The following exposes all available GPUs to the container.

version: "3.8"
services:
  demo:
    image: nvidia/cuda:12.3.1-base-ubuntu20.04
    command: nvidia-smi
    deploy:
      resources:
        reservations:
          devices:
          - driver: nvidia
            count: all

Trouble Shooting

nerdctl run --gpus fails due to an unresolvable CDI device

If the required CDI specifications for your GPU devices are not available on the system, the nerdctl run command will fail with an error similar to: CDI device injection failed: unresolvable CDI devices nvidia.com/gpu=all (the exact error message will depend on the vendor and the device(s) requested).

This should be the same error message that is reported when the --device flag is used to request a CDI device:

nerdctl run --device=nvidia.com/gpu=all

Ensure that the NVIDIA (or AMD) Container Toolkit is installed and the requested CDI devices are present in the ouptut of nvidia-ctk cdi list (or amd-ctk cdi list for AMD GPUs):

$ nvidia-ctk cdi list
INFO[0000] Found 3 CDI devices
nvidia.com/gpu=0
nvidia.com/gpu=GPU-3eb87630-93d5-b2b6-b8ff-9b359caf4ee2
nvidia.com/gpu=all

For NVIDIA Container Toolkit, version >= v1.18.0 is recommended. See the NVIDIA Container Toolkit CDI documentation for more information.

For AMD Container Toolkit, version >= v1.2.0 is recommended. See the AMD Container Toolkit CDI documentation for more information.
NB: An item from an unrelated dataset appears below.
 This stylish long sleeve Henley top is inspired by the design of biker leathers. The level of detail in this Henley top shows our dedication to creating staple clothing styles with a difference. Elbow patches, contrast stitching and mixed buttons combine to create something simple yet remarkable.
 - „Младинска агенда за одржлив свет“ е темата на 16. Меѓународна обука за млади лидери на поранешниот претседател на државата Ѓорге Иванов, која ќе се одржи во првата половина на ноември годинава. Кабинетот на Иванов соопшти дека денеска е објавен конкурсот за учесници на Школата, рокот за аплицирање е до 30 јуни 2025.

nerdctl run --gpus fails when using the Nvidia gpu-operator

If the Nvidia driver is installed by the gpu-operator.The nerdctl run will fail with the error message (FATA[0000] exec: "nvidia-container-cli": executable file not found in $PATH).
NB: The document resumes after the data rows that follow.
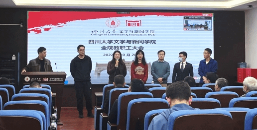 澳门网投官网党委书记古立峰教授通报了学院近期重点工作。古立峰书记首先介绍了本学期新进的六位老师,分别是专职博士后郭旭东老师、侯建科老师、车祎老师、兰兴老师,辅导员郑格老师和党政办高小珺老师。接着传达了澳门网投官方网站第九次党代会召开和会议精神。随后,他通报了学院近期获得的一些成绩和表彰,如学院入选全国五所出版共建单位,目前正着力建设出版学院;设立在学院的语委基地积极开展普通话推广及调研活动,参与乡村文化振兴相关工作;澳门网投官方网站杰出教授、澳门网投官网学术院长曹顺庆教授荣获四川省“四有”好老师称号;澳门网投官网院长李怡教授荣获霍英东教育基金会高等院校教育教学奖二等奖;王炎龙教授荣获澳门网投官方网站第八届“姜维平优秀教学奖”二等奖;卢迎伏副教授荣获澳门网投官方网站2022年度“好未来教学名师奖”;澳门网投官网副院长胡易容教授、饶广祥副教授、王长林副研究员荣获澳门网投官方网站2022年先进个人;戴路副研究员荣获澳门网投官方网站2022年优秀共产党员;澳门网投官网党委荣获澳门网投官方网站2022年先进基层党组织称号等。对于取得的这些成绩,古立峰书记向全体教职工的辛勤付出和奋发努力表达了感谢与祝贺,同时他代表学院党委鼓励大家须更加团结奋进,上下同心,争取更好的成绩。会议最后,古立峰书记部署了本学期工作重点:认真学习贯彻落实党的二十大精神,学院全体上下要按照党中央和学校党委的安排部署,将党的二十大精神的学习宣传贯彻作为当前和今后一段时间最重要的政治任务来抓,将党的二十大精神的学习与学科专业、人才建设有机结合,为学院的发展做出新贡献。
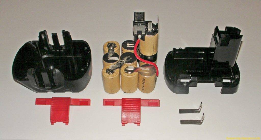 Для разборки аккумулятора шуруповерта вам необходимо раскрутить болты, соединяющие корпус, или разделить соединения корпуса на клеевой основе при помощи паяльника. Внутри аккумулятора находится несколько никель-кадмиевых батарей, имеющих определенную емкость и несущих заряд. В случае ремонта аккумулятора требуется их замена на новые.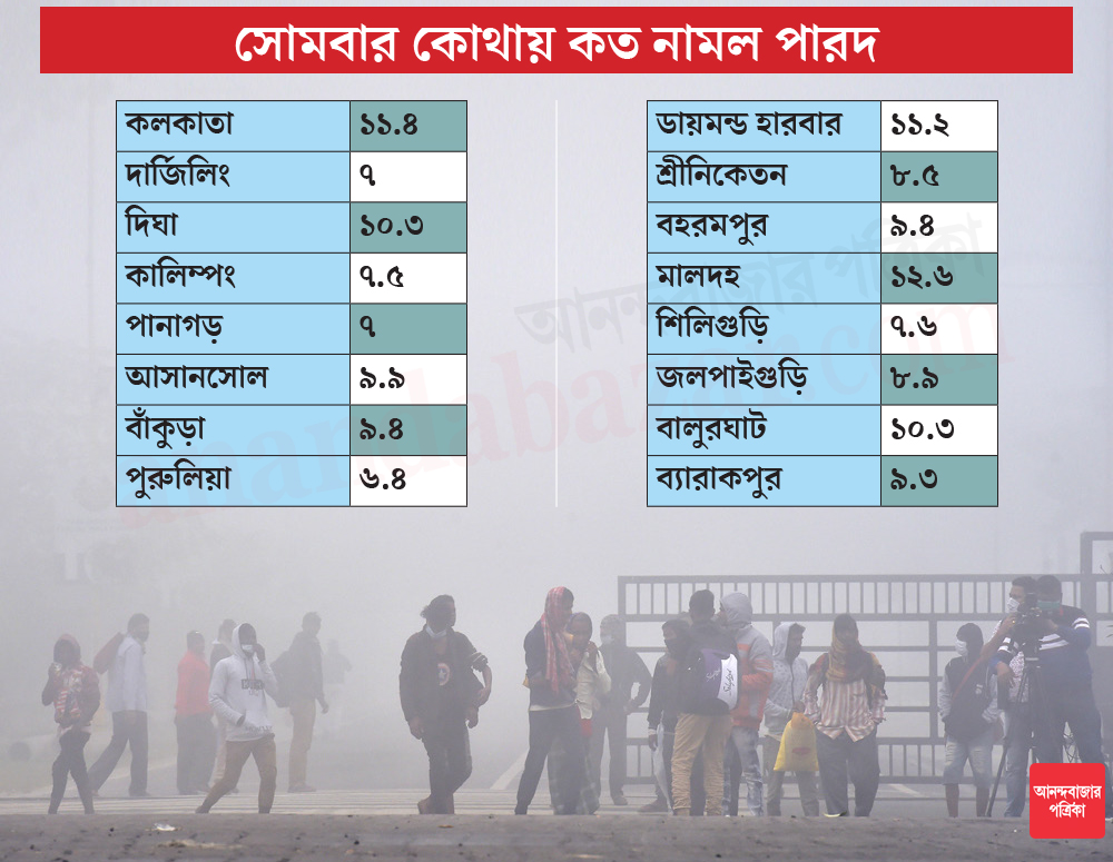 আলিপুর আবহাওয়া দফতর সূত্রে খবর, কলকাতার সর্বনিম্ন তাপমাত্রা ১১.৪ ডিগ্রি সেলসিয়াস। স্বাভাবিকের থেকে ৪ ডিগ্রি কম। সর্বোচ্চ তাপমাত্রাও স্বাভাবিকের থেকে ৪ ডিগ্রি কমেছে। ফলে সকাল বেলাতেও শহরে শীতের দাপট ভালই মালুম হচ্ছে। বড়দিনের আগে শীত পড়ায় চিড়িয়াখানা, নিকো পার্ক, ইকো পার্ক, সায়েন্স সিটি-সহ দর্শনীয়স্থানগুলিতে উপচে পড়ছে ভিড়। ময়দানে চত্বরে ইতিউতি চড়ুইভাতির ছবিও ধরা পড়ছে। পার্ক স্ট্রিট, সদর স্ট্রিট এলাকায় বিদেশি পর্যটকদের আনাগোনাও বেড়ে গিয়েছে।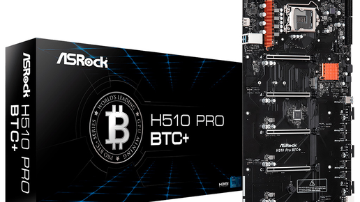 Для добытчиков криптовалют компания ASRock выпустила материнскую плату H510 Pro BTC+. На текстолите нетипичного размера 501 х 224 мм распаяны 6 полноформатных слотов PCI-E 3.0 x16. Что правда, электрически в режиме x16 из них работает только самый верхний, а все прочие довольствуются 1 линией PCI-E. Помимо впечатляющего количества слотов для видеокарт, ASRock H510 Pro BTC+ получила один слот под оперативную память DIMM DDR4, один порт SATA 6 Гбит/с, один M.2. Плата поддерживает процессоры Intel Core 10- и 11-го поколений...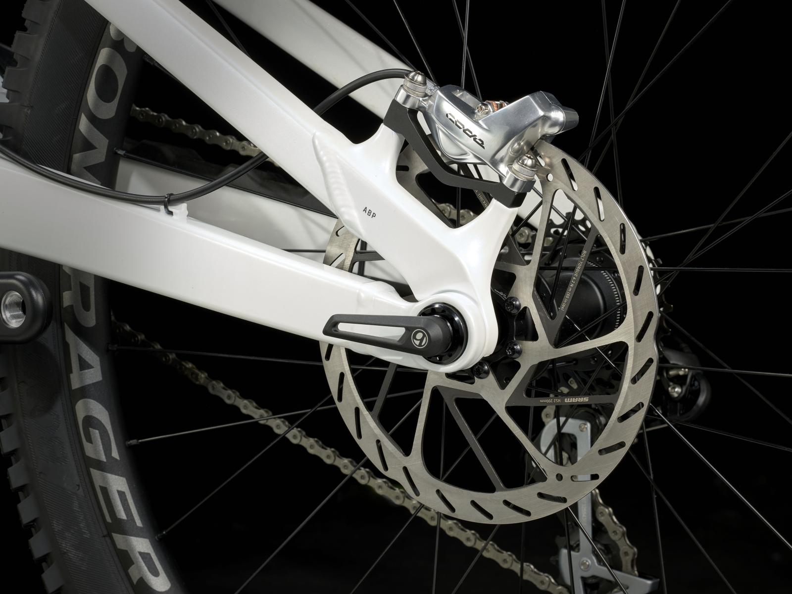 - Die Eliminierung des Pedalrückschlags erhöht die Stabilität und Kontrollbarkeit des Bikes auf brutalen Abfahrten und vor allem beim Landen von Jumps und Drops.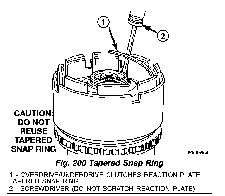 16. Install the MOD tapered snap ring (1) (Fig. 200).

So, the nvidia-container-cli needs to be added to the PATH environment variable.

You can do this by adding the following line to your $HOME/.profile or /etc/profile (for a system-wide installation):

export PATH=$PATH:/usr/local/nvidia/toolkit

The shared libraries also need to be added to the system.

echo "/run/nvidia/driver/usr/lib/x86_64-linux-gnu" > /etc/ld.so.conf.d/nvidia.conf
ldconfig

And then, the nerdctl run --gpus can run successfully.